[Data excerpts]

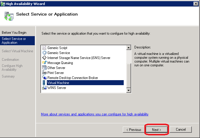 High availability olark hangi servisi seçeceğimizi yukarıdaki şekilden seçiyoruz.Biz sanal makineyi seçiyoruz.Burada farklı uygulama servisleride seçilip cluster yapılabilir.
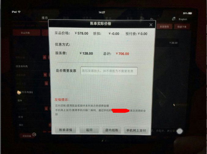 先说说这个微信支付和海底捞到底是咋结合的,点菜涮锅咱就略去了,重点说说这个支付流程吧,首先结账的时候服务员拿来的不是小票而是iPad(海底捞在餐饮信息化建设上一直走得很超前)。
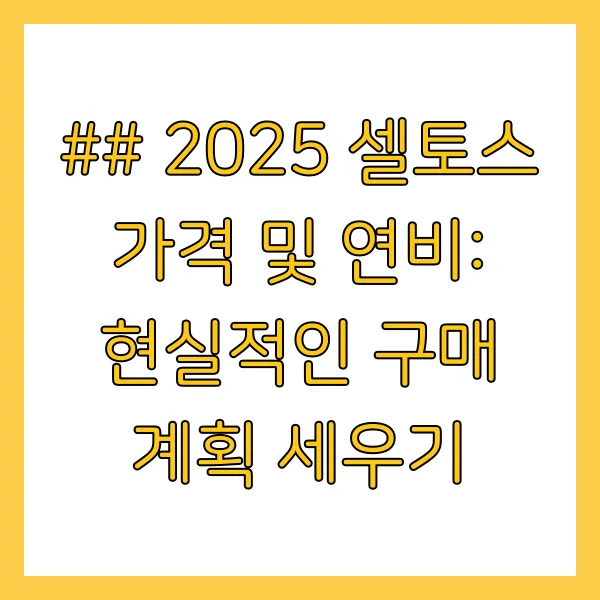 ## 2025 셀토스 가격 및 연비: 현실적인 구매 계획 세우기
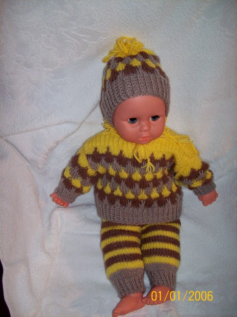 Třídílná soupravička pro panenku mimino, velké 40 cm. Vznikla kombinací dvou technik - háčkování a pletení.
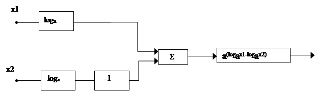Логарифмирование независимых переменных x1 и x2 и последующее вычитание обеспечивают выполнение операции деления в логарифмическом масштабе.
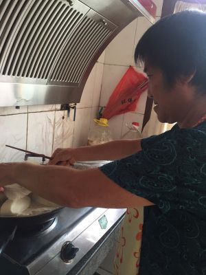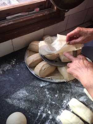 发好的面团取出来在案板上加面粉揉搓,这叫炝面,这样做出来的馒头很劲道。
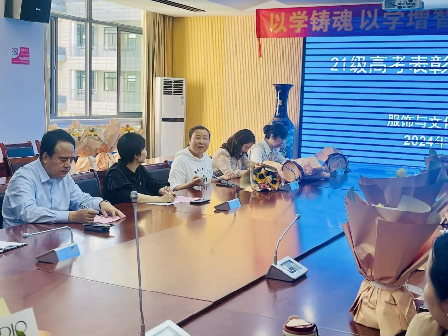 5月14日下午,服饰学部在308会议室隆重召开了21级职教高考表彰暨经验交流会议。校党委书记杨三龙、校党委委员、副校长董云霞、教务处副处长刘文、服饰学部相关负责人及全体职教高考班教师参加了本次会议。
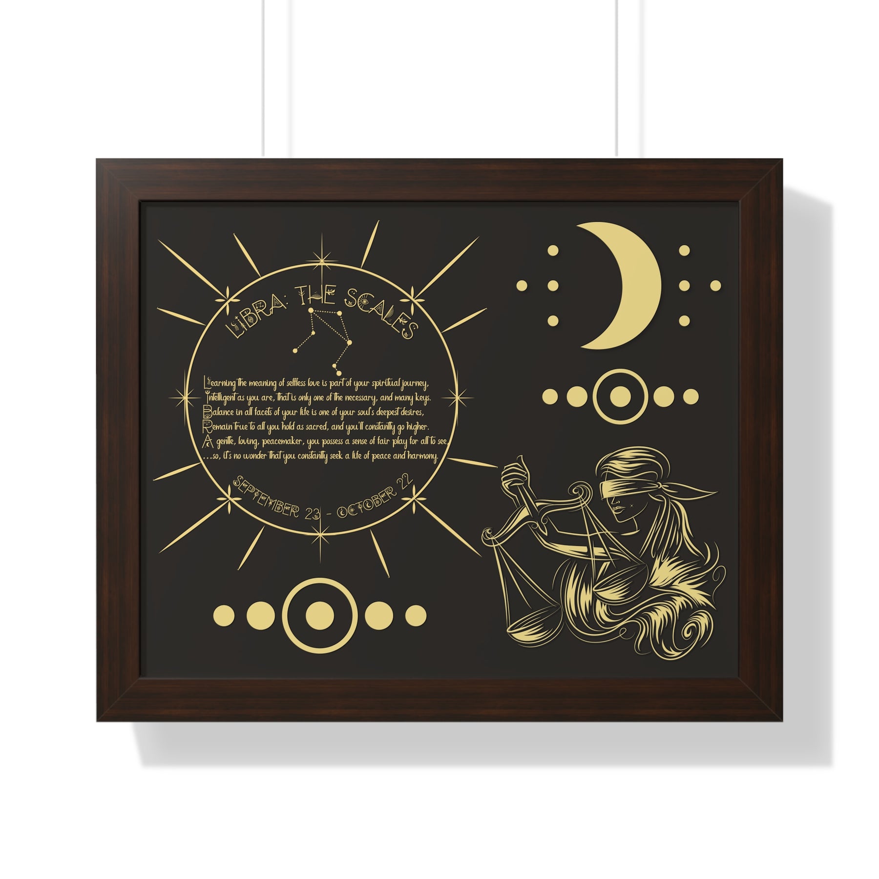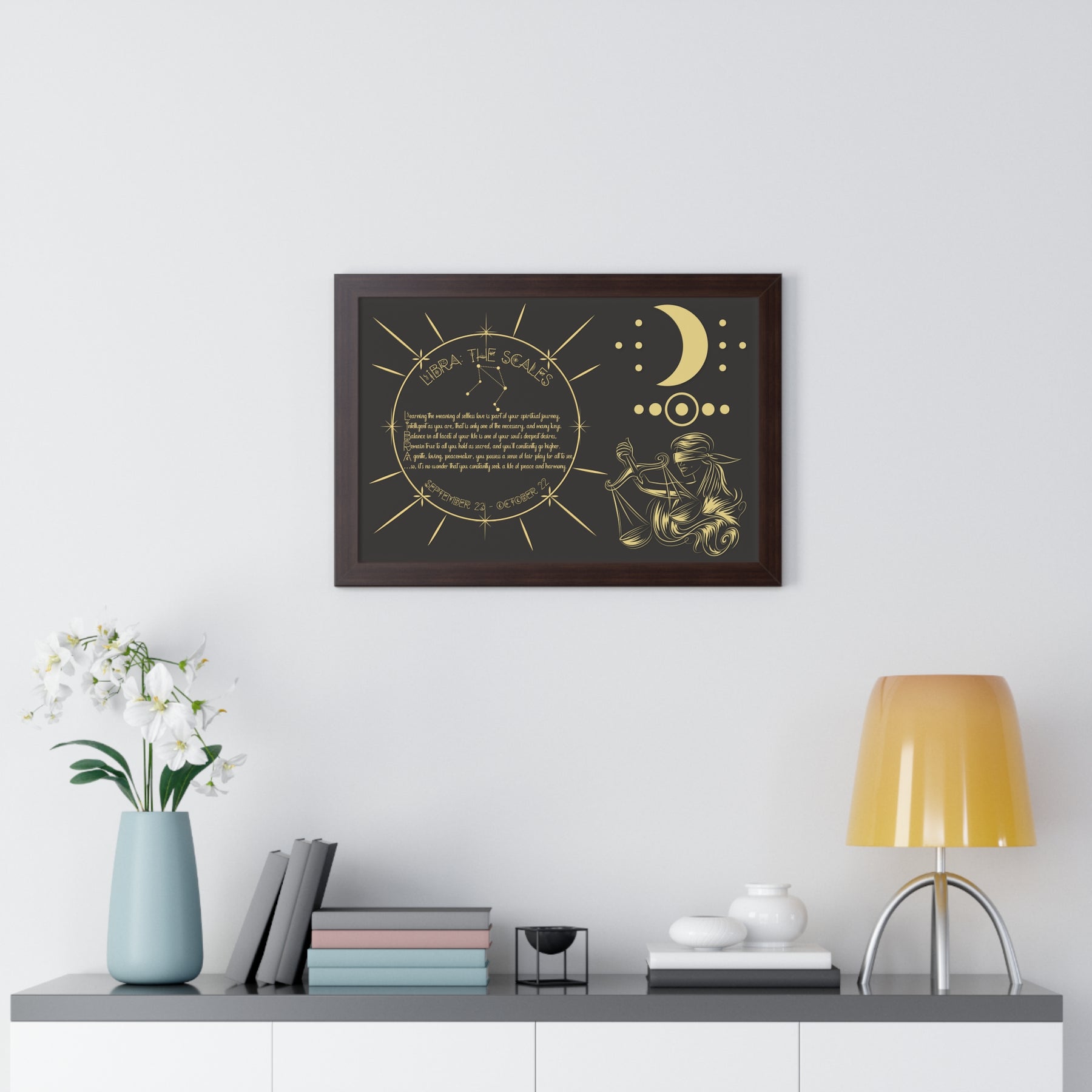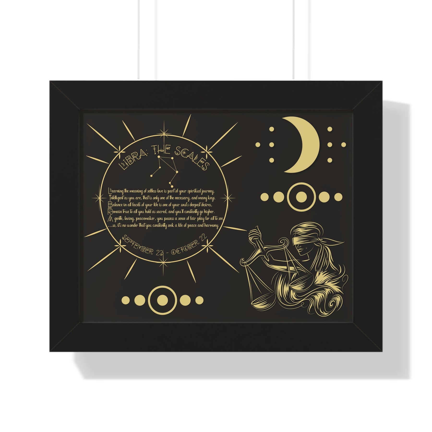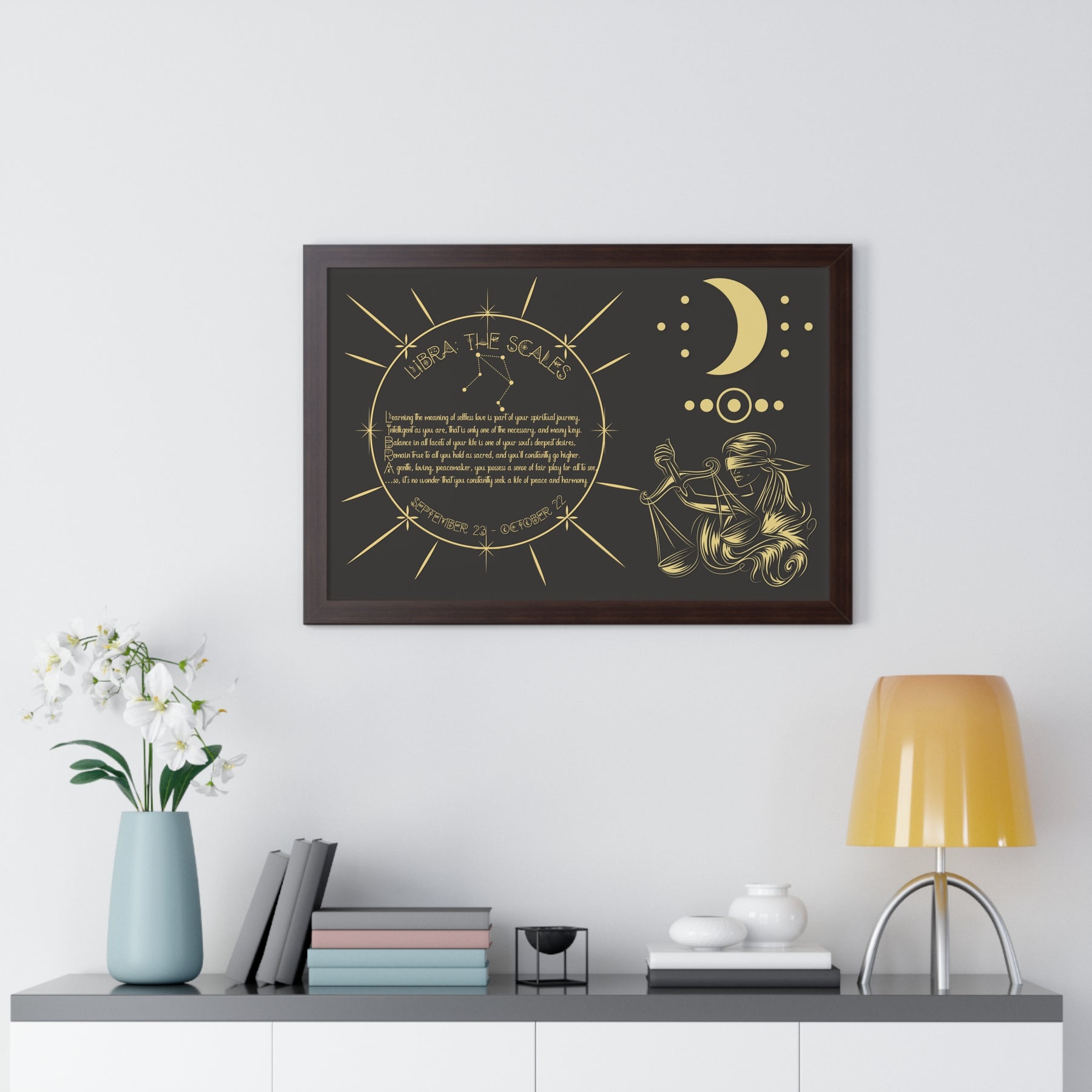 Moments in Rhyme presents Written in the Stars Framed Acrostic Poem Prints. This is the perfect addition to any astrology enthusiast's collection. This stunning and one-of-a-kind print features an acrostic poem, creatively spelling out "Libra" while embodying this zodiac sign's unique traits and ambitions. Don't pass up on this special and motivating gift for Christmas or a birthday.
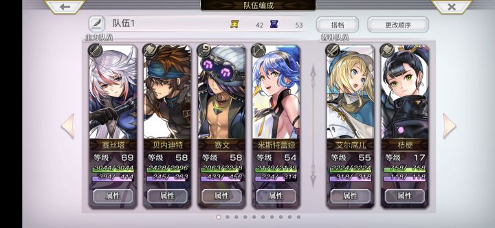 很开心啊,因为只有几个火系4星,突发奇想试了一下过了,所以分享一下。配置图如下,其实算不上低配哈。条件是做了地属性的支线,保证狼姐没被吹走。贝内迪特用来上一个斩耐性down,米思特雷拉唱歌回血
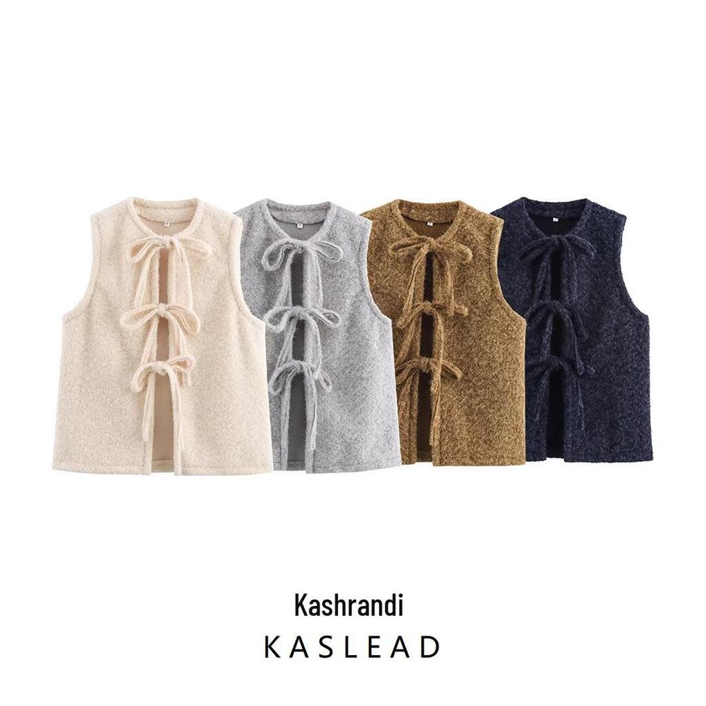 2024 Winter Women's Fashion: European & American Style Tie-Up Sleeveless Vest

### AIM OF THE TASK
Return the lines exactly, from the one containing "Moments in Rhyme" through the last line above, including both ends and excluding every picture.

### ANSWER AREA
 Moments in Rhyme presents Written in the Stars Framed Acrostic Poem Prints. This is the perfect addition to any astrology enthusiast's collection. This stunning and one-of-a-kind print features an acrostic poem, creatively spelling out "Libra" while embodying this zodiac sign's unique traits and ambitions. Don't pass up on this special and motivating gift for Christmas or a birthday.
 很开心啊,因为只有几个火系4星,突发奇想试了一下过了,所以分享一下。配置图如下,其实算不上低配哈。条件是做了地属性的支线,保证狼姐没被吹走。贝内迪特用来上一个斩耐性down,米思特雷拉唱歌回血
 2024 Winter Women's Fashion: European & American Style Tie-Up Sleeveless Vest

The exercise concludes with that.